Climate-related risks have become a major concern for financial regulators and can significantly threaten financial stability [43]. Climate risks can be grouped into the following three categories: transition (related to changes in policy and regulations, business practices, and consumer preferences), physical (due to the impact of extreme climate conditions, such as floods and hurricanes), and liability (related to non-ethical actions of stakeholders or not fulfilling the contracts) [51]. Despite material climate transition risks for stock prices, limited disclosure concerning Scope 3 emissions and low carbon prices mean these risks are not likely to be fully priced into stock values [52]. European financial institutions that publish Scope 3 emissions data showed that transition risk significantly negatively impacts financial stability at the institutional and financial system levels [43]. Given the low proportion of companies and banks that disclose Scope 3 emissions, the transition risks are most likely underestimated [43].

3.5. Synthesis of the Findings

Next, Table 3 presents a synthesis, as well as the challenges, of the literature review regarding each identified theme. The main difficulties are SSCM strategies and establishing practices throughout the value chain to assess, monitor, and reduce Scope 3 emissions. Such a scenario is a consequence of the research evolution on the subject: first, the literature began to study how to assess Scope 3 emissions; second, the focus was on reporting these emissions to investors and the market; and then, the focus was on how to improve strategies and practices throughout the entire value chain. This last issue is the newest one and requires a deep understanding.
Table 3. Literature synthesis and main challenges.

4. Discussion, Implications, and Avenues for Future Research

This section discusses the main findings from the academic and managerial perspectives and suggests avenues for future research.

4.1. Academic Contributions

The first research question is RQ1—“What are the themes and respective subjects concerning Scope 3 emissions according to the systematic literature review of the sustainable supply chain management literature?”. This study identifies three main themes within the present literature and their respective subjects.
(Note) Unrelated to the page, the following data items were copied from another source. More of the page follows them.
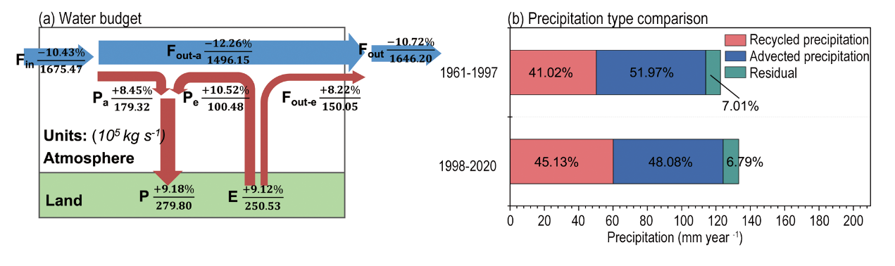 (a)西北干旱區(qū)水分收支圖(圖中數(shù)據(jù)分母為1998–2020年夏季各變量的多年平均值,單位為10? kg/s;分子表示1998–2020年平均值相較于1961–1997年平均值的增加量。其中,F(xiàn)in為水汽流入量,F(xiàn)out為水汽流出量,F(xiàn)out-a和Fout-e分別表示由水平水汽輸送與局地蒸散發(fā)產(chǎn)生的流出水汽;Pa為外部平流水汽形成的降水,Pe為再循環(huán)降水,P為總降水;E為蒸散發(fā));(b)西北干旱區(qū)夏季不同降水類型對比(1961–1997年與1998–2020年平均值;上行:1961–1997年,下行:1998–2020年;紅色:再循環(huán)降水,藍(lán)色:外循環(huán)降水,綠色:殘余項(xiàng);數(shù)值表示各類型水汽占同期總降水的百分比)。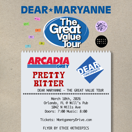 Montgomery Drive Presents Dear MaryanneArcadia GreyPretty BitterDear Cincinnati Tuesday, March 10th, 2026Wills Pub – Orlando, FL7PM Doors / 18 Plus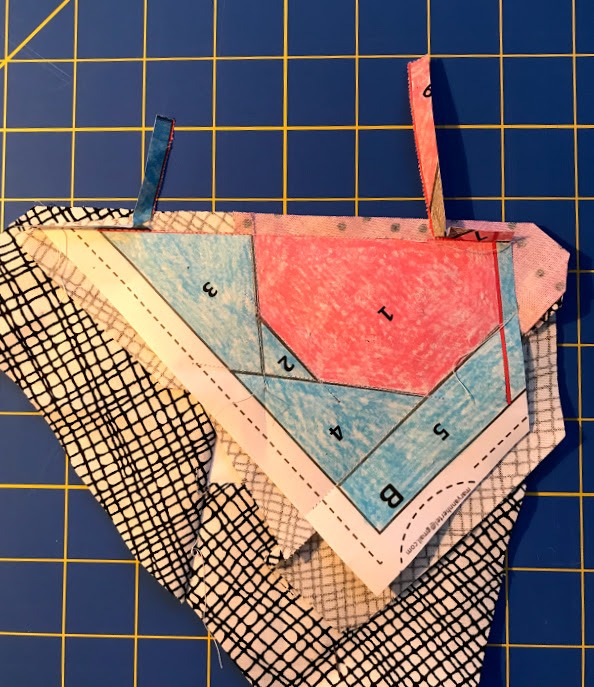 Above, you can see that piece #3 is stitched, pressed in place, and the excess fabric has been trimmed. Continue to add pieces in numerical order.

Most papers on “Assessing Scope 3 Emissions” concerned methodologies and techniques for measuring or modeling Scope 3 emissions [71]. We contribute to the literature by indicating that despite multiple proposed approaches for assessing Scope 3 emissions (e.g., input–output analysis, LCA, modeling using industry-average data) [49,54], there is no consensus on which one is the most feasible or applicable for different supply chains. Once Scope 3 emissions are assessed or estimated, organizations report their results to investors and the market. However, the literature related to the theme “Disclosing Scope 3 Emissions” reveals a lack of data quality, transparency, completeness, and consistency [6,54,63]. The main finding indicates that Scope 3 emissions reporting has frequently presented only positive climate-related information. It was observed in the literature that the transaction costs to assess and disclose Scope 3 emissions are not always converted into financial gains, even when presenting positive emissions results [10]. This study contributes to the literature by indicating that such a barrier could limit the efforts to map the entire value chain, especially if the organizational culture is not aligned with sustainability issues or there is no investor pressure. The difficulties related to costs and gathering reliable Scope 3 emissions data and information aligned with regulatory conditions and organizational sustainability commitment, possibly justify why Scope 3 emissions reports tend to only cover part of the value chain.
The literature within the theme “SSCM Strategies Related to Scope 3 Emissions” indicates a need to engage stakeholders in obtaining, processing, and transferring climate-change-related information [83], managing the information flow, and engaging with all supply-chain partners. However, in practice, only one or two supply chain tiers typically engage and cooperate [20]. This collaboration process requires transparency and coordination, as it can promote tensions among partners. The focal firms have a crucial role in leveraging strategies and practices in the value chain. In some cases, the business model needs to be rethought, considering circular economy issues and green and disruptive innovations. Encouraging suppliers to adopt ISO 14000 (Environmental management systems—Requirements with guidance for use) is also indicated to support them in incorporating environmental issues into their management system [1]. Digital transformation, public policies, regulatory factors, and competition could be used to encourage firms to evaluate and reduce Scope 3 emissions. Many companies have focused on investors as a priority for their Scope 3 actions, and, in this case, low carbon prices could limit investments in carbon footprint reduction [52].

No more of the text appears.